**Activity**
Every line below from the one containing "락스타는 성명을 통해" through the one containing "Тест 3D пакета" is to be printed exactly, with the pictures omitted.

**Records for this exercise**

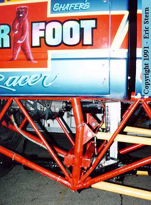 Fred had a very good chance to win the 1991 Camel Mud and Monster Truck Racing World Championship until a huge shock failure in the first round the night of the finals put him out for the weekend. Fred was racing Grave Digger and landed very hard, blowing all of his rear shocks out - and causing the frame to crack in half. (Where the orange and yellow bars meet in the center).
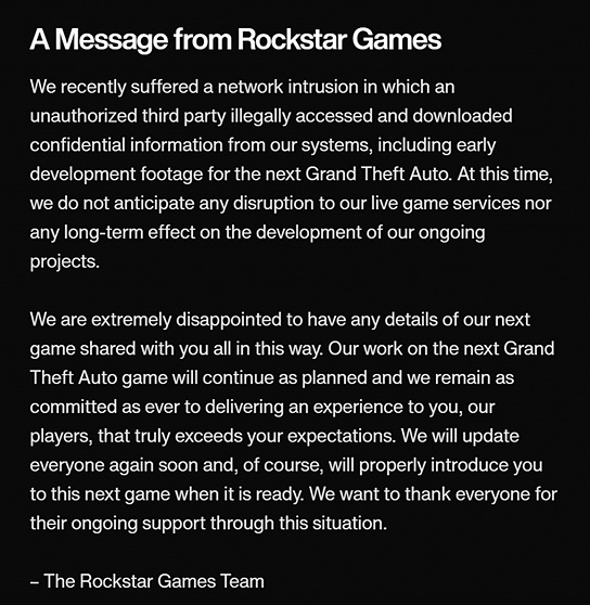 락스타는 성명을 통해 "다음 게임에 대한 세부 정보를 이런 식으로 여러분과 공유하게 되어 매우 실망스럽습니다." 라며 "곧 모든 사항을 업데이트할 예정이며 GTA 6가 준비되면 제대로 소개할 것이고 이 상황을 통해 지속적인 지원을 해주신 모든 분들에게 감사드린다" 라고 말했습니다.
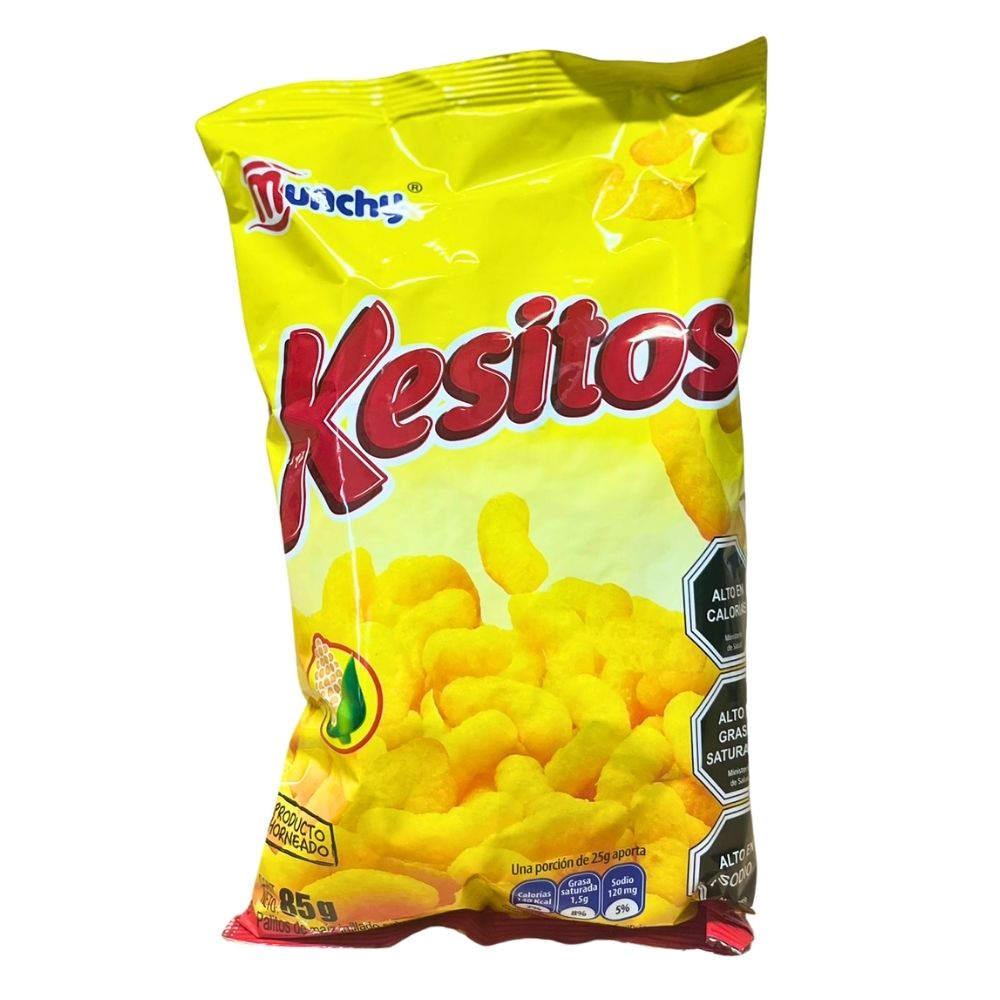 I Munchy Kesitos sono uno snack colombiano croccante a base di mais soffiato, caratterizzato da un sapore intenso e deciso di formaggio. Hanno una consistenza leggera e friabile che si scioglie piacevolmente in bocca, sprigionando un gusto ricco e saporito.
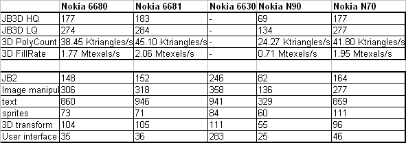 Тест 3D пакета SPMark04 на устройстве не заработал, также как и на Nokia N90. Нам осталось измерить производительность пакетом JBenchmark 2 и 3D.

---

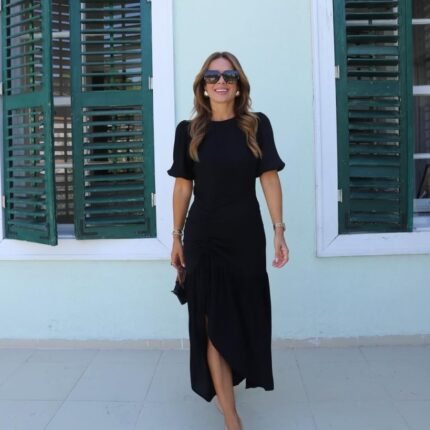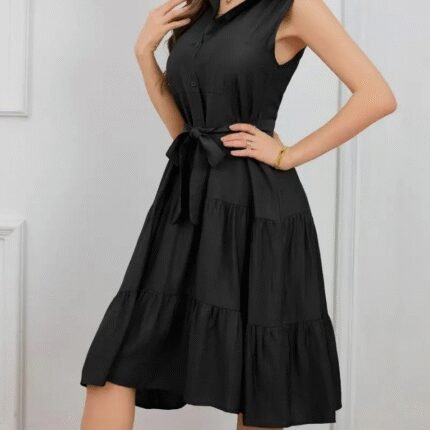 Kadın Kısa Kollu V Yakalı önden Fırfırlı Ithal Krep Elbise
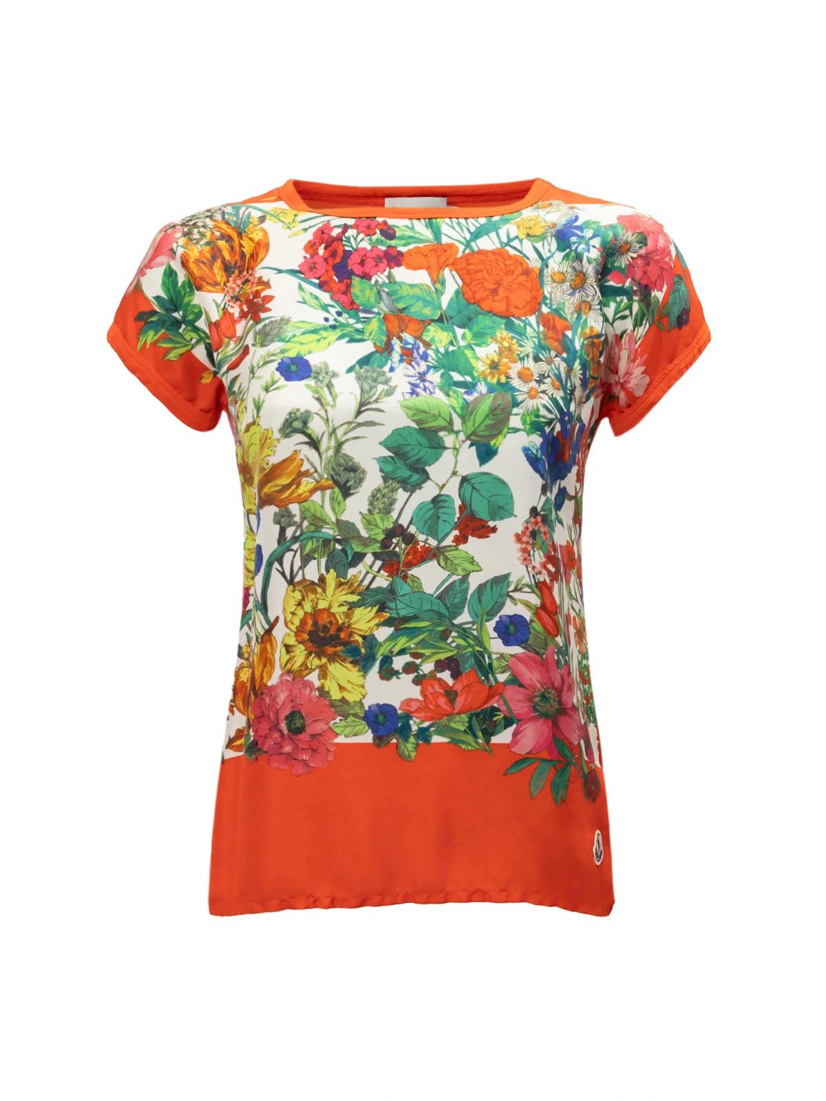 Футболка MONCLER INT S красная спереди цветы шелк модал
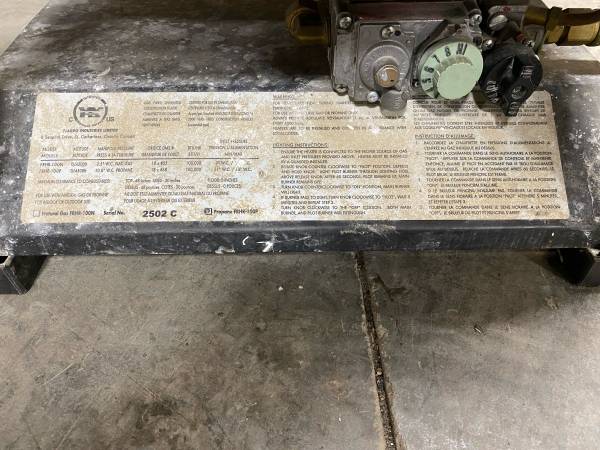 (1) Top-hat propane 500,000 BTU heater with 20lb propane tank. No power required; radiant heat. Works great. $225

...

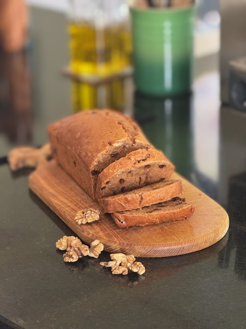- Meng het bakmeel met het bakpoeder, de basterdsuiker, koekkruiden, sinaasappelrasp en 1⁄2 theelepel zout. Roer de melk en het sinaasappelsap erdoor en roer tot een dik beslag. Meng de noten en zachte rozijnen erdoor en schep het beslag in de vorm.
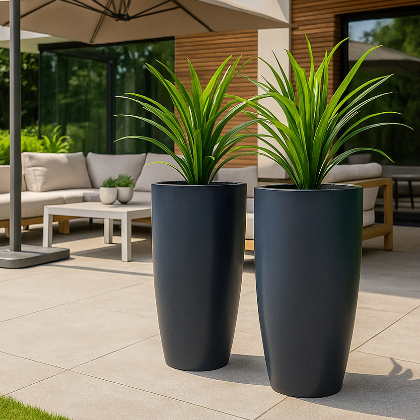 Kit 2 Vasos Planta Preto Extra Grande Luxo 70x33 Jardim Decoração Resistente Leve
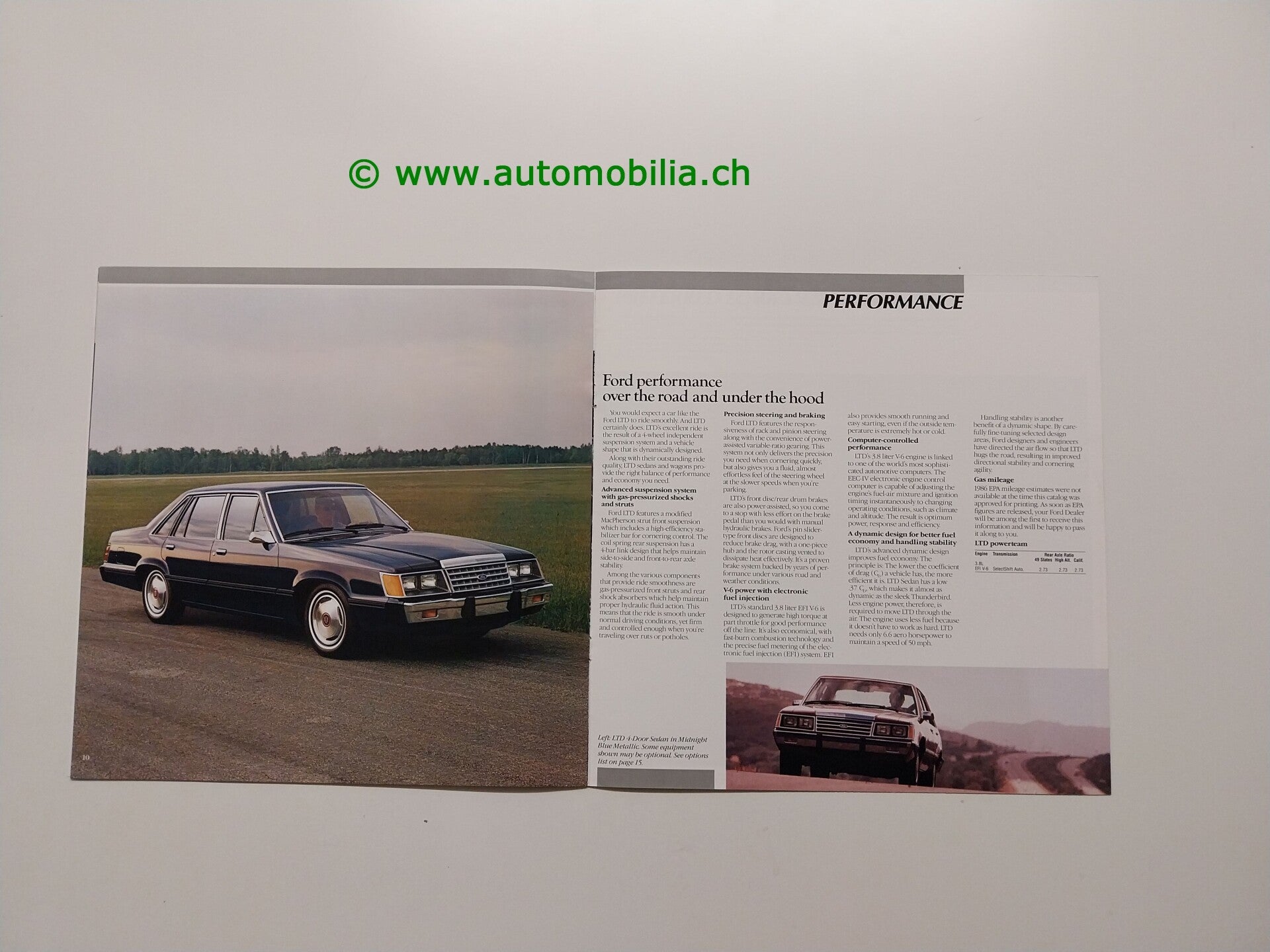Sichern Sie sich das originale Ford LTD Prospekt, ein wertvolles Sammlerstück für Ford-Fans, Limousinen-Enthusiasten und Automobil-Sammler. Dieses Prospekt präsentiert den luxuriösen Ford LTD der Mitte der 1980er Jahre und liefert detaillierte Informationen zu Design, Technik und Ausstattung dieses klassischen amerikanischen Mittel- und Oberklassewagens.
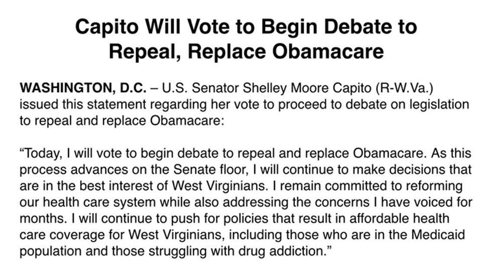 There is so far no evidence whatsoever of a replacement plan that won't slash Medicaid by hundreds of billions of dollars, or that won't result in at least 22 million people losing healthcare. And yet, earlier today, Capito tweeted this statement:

**Output for this task**
 락스타는 성명을 통해 "다음 게임에 대한 세부 정보를 이런 식으로 여러분과 공유하게 되어 매우 실망스럽습니다." 라며 "곧 모든 사항을 업데이트할 예정이며 GTA 6가 준비되면 제대로 소개할 것이고 이 상황을 통해 지속적인 지원을 해주신 모든 분들에게 감사드린다" 라고 말했습니다.
 I Munchy Kesitos sono uno snack colombiano croccante a base di mais soffiato, caratterizzato da un sapore intenso e deciso di formaggio. Hanno una consistenza leggera e friabile che si scioglie piacevolmente in bocca, sprigionando un gusto ricco e saporito.
 Тест 3D пакета SPMark04 на устройстве не заработал, также как и на Nokia N90. Нам осталось измерить производительность пакетом JBenchmark 2 и 3D.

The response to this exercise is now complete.